Zależności przyczynowo-skutkowe łączące przeróżne odsłony „Obcego” to niełatwy orzech do zgryzienia nawet dla najwierniejszych fanów Ksenomorfa. Już tylko to powoduje, że „Morze boleści” pozycjonuje się jako rozrywka dla jasno określonego, raczej wąskiego grona odbiorców. Poniekąd na korzyść książki działa luźne powiązanie fabuły z pierwszą częścią trylogii, „Wyjściem z cienia”. Zamiast rozbudowywać świat przedstawiony o kolejne elementy gmatwające całość, Moore korzysta ze sprawdzonego schematu fabularnego, który pamiętamy z „Decydującego starcia”, i wrzuca bohaterów w niekończący się wir akcji. Szkoda jednak, że w porównaniu do znakomitego filmu Jamesa Camerona właściwie wszystko robi gorzej.

Tym, co decydowało o fenomenie „Decydującego starcia”, były nie tylko roje obcych i kolejne salwy z karabinów pulsacyjnych, ale przede wszystkim zespół niesamowicie dobrze dopasowanych do siebie bohaterów. Vasquez, Hicks, Hudson, Gorman czy wreszcie sama Ripley sprawiali, że film oglądało się w stanie ciągle podwyższonego napięcia, bo drżeliśmy o ich los. Moore usiłuje dokonać tego samego. Znajdziemy u niego obowiązkowy zestaw charakterów: niezbyt rozgarniętych brutali, królowe lodu załatwiające facetów jedną ripostą czy zdradzieckich korporacyjnych biurokratów. Problem w tym, że im dalej w tonące w mroku tunele, tym wyraźniejsze staje się, że osobowości u tych postaci za grosz, a autor nawet nie próbuje udawać, że znakomita większość z nich to zwykłe mięso armatnie, którego personalia czytelnik pozna – jeśli w ogóle – na kilka linijek przed ich zejściem z kosmicznego świata.

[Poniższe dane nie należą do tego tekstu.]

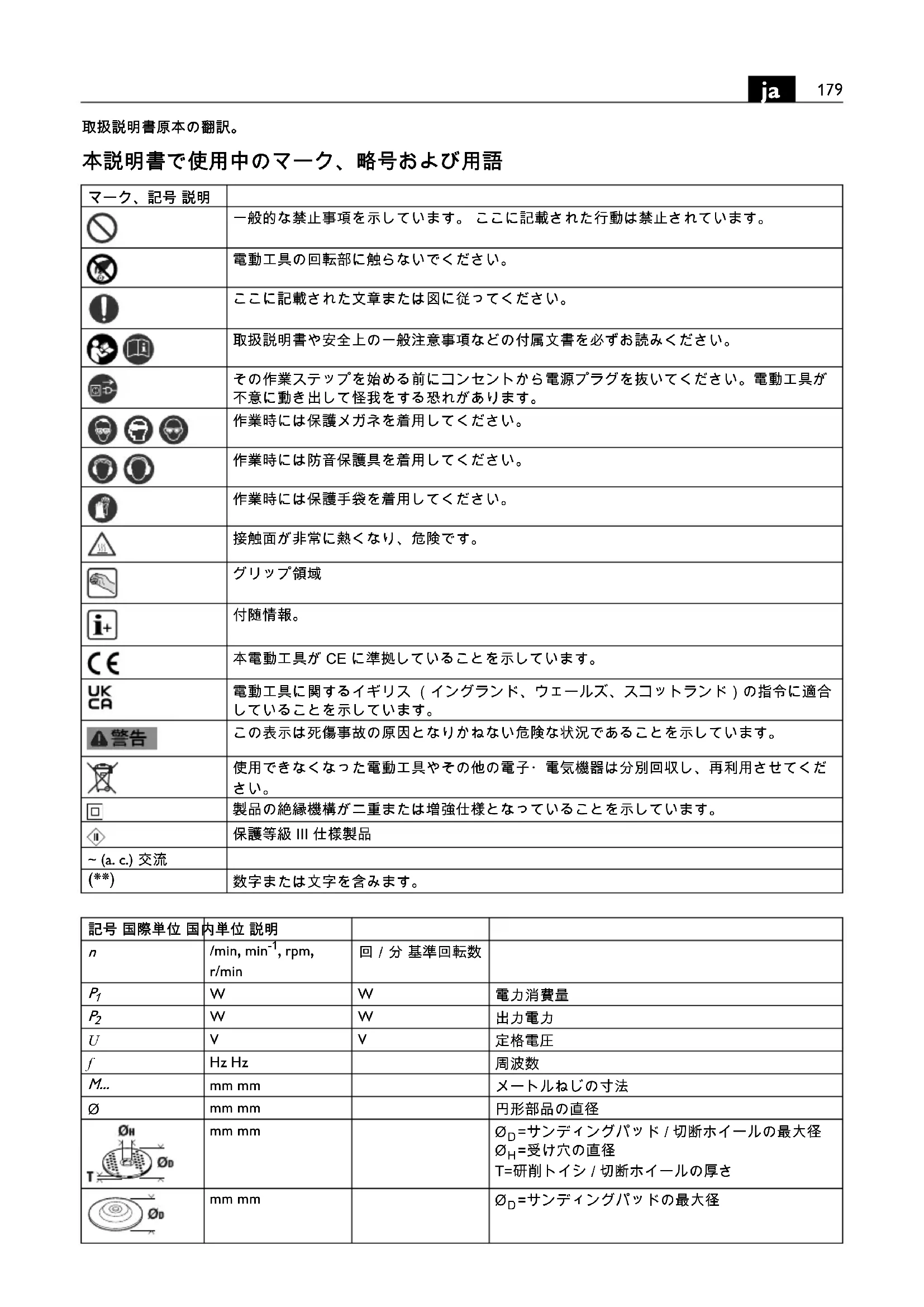 本電動工具が CE に準拠していることを示しています。 電動工具に関するイギリス (イングランド、ウェールズ、スコットランド)の指令に適合 していることを示しています。 この表示は死傷事故の原因となりかねない危険な状況であることを示しています。 使用できなくなった電動工具やその他の電子・電気機器は分別回収し、再利用させてくだ
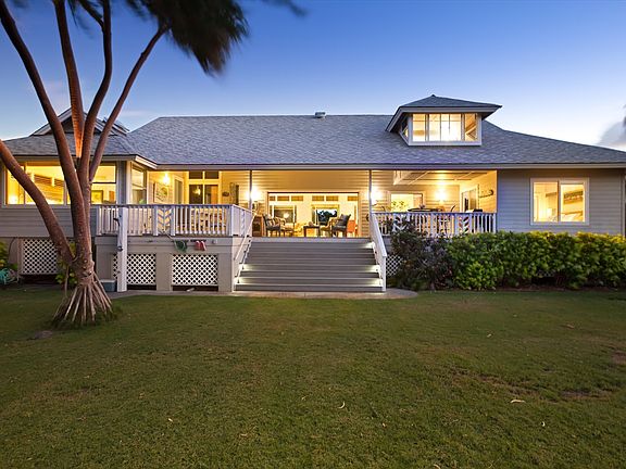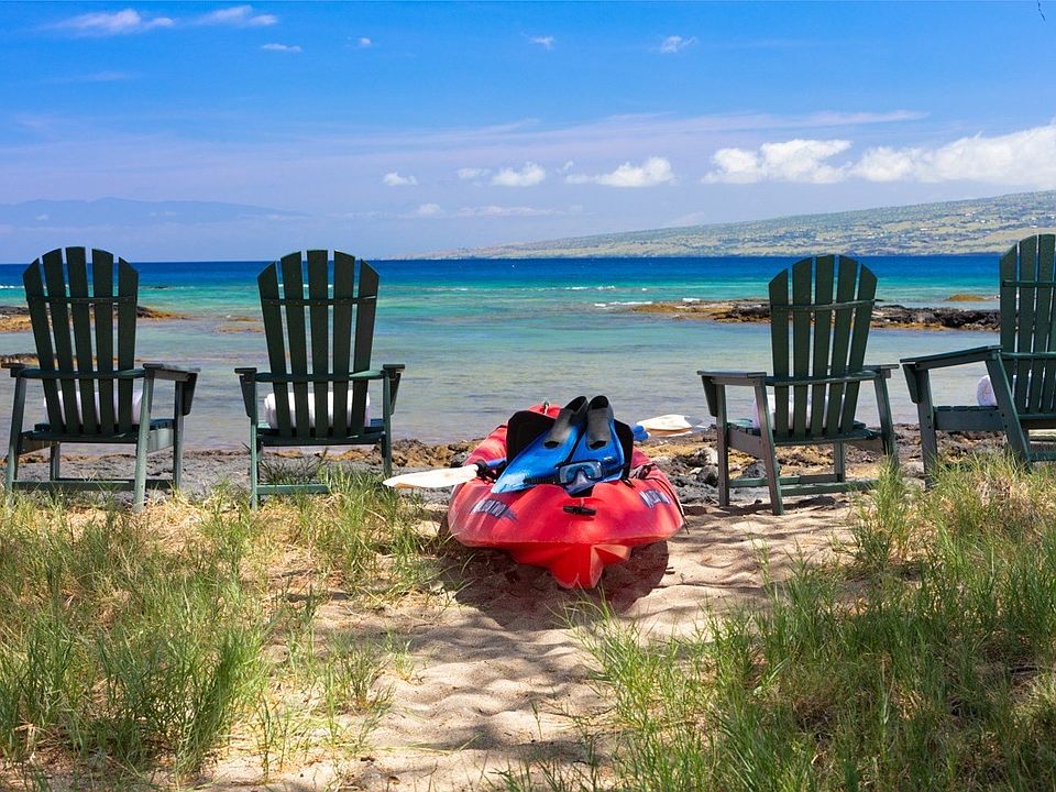 Right on the white sands of Puako! A rare opportunity to own a custom built Puako oceanfront home with access to the white sand beach directly in front of the house. A sprawling lawn with shade trees and a pathway leading you right on to the sandy beach. Spectacular panoramic views of Puako, Waialea, Kawaihae, the Kohala Mountains, Maui, and the Pacific Ocean. This home is meticulously maintained, well appointed, a much loved Kama’aina home and cottage with a very successful vacation rental history. THIS IS A LEGAL VACATION RENTAL IN RESORT ZONING. Enjoy whale watching, exploring tide pools, snorkeling, and kayaking just steps from your lanai. Located minutes from world class beaches, 5 star restaurants, and numerous golf courses. This a dream oceanfront Puako property. This beautifully furnished, well built home has 9 foot vaulted ceilings and approximately 4000 square feet of indoor-outdoor living areas. 4 bedrooms/ 3 baths total and a gourmet kitchen with top of the line appliances. The main house has 2 private bedroom suites downstairs and a bedroom with an office upstairs. There is also an office downstairs. All bedrooms have ocean views. The Ohana unit above the garage is perfectly designed for guests visiting or adds extra space for the already popular vacation rental. One bedroom ensuite with dressing area. It also has a kitchenette, full fridge and outdoor patio seating. A large lanai on the ocean side of the main house offers comfortable seating, ocean breezes, gas grill, outdoor dining and everlasting sunsets. With steps leading down to the immaculate lawn, just a hop and a skip away from the beach. It is difficult to find this level of luxury in a Puako Beach home for this price. All furnishings are included in the sale, (personal art excluded) adding a tremendous benefit to the buyer looking to keep it in the vacation rental program.
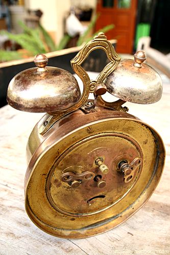 รหัส: B8_23_3 ข้อมูล: นาฬิกาปลุกไขลานเยอรมันโบราณ(German Antique Alarm Clock) ยี่ห้อ Mauthe ยุค 1900 หน้าปัดขนาด 10x10cm. ใช้งานได้ครบทุกฟังก์ชัน ตัวเรือนสีทองแดง กระดิ่งคว่ำทรงหยดน้ำหายาก น่าสะสมครับพ้ม  ;D
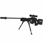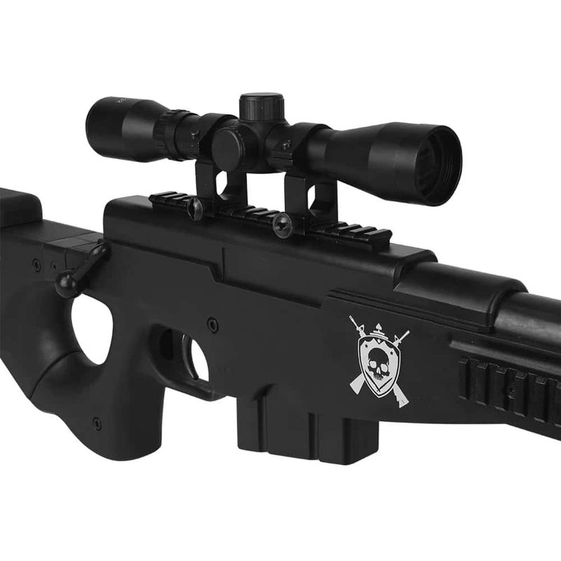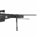 Seu visual tático é reforçado por acessórios inclusos como bipé ajustável e luneta 4x32, além de coronha tipo thumbhole com ajuste de altura, garantindo conforto e ergonomia mesmo em sessões prolongadas de uso.

Odbija się to wręcz katastrofalnie na próbach jakiegokolwiek zaangażowania emocjonalnego odbiorcy. O ile bowiem salwy z karabinów pulsacyjnych rozrywają roje Obcych co kilka stron, a bohaterowie zdają się plątać w sytuację bez wyjścia, zwyczajnie nie ma tu o kogo się martwić.

Moore zawodzi również pod względem literackiego warsztatu. Słabo wypadają przede wszystkim ubogie w detale partie opisowe i opierające się głównie na one-linerach dialogi, wyciągnięte żywcem z filmów klasy C. Równie rozczarowujące okazują się sekwencje starć z Obcymi, co boli tym bardziej, że sam autor w pocie czoła tworzy kilka momentów mających niemały potencjał na wywołanie poczucia dyskomfortu u czytelnika, po czym zupełnie je marnuje. Na tle powyższego całkowita przewidywalność historii i dość kontrowersyjna decyzja o wyposażeniu protagonisty w dotychczas niespotykane w uniwersum zdolności jawią się jako jeden z najmniejszych problemów.

Wprawdzie trudno zarzucić Jamesowi A. Moore’owi problemy z dynamiką powieści, „Morze boleści” czyta się wręcz błyskawicznie, to jednak o wiele za mało, by docenić książkę. Bardziej przypomina ona fanfika stworzonego przez kogoś, kto jakimś cudem zdobył licencję na wykorzystanie znanej postaci.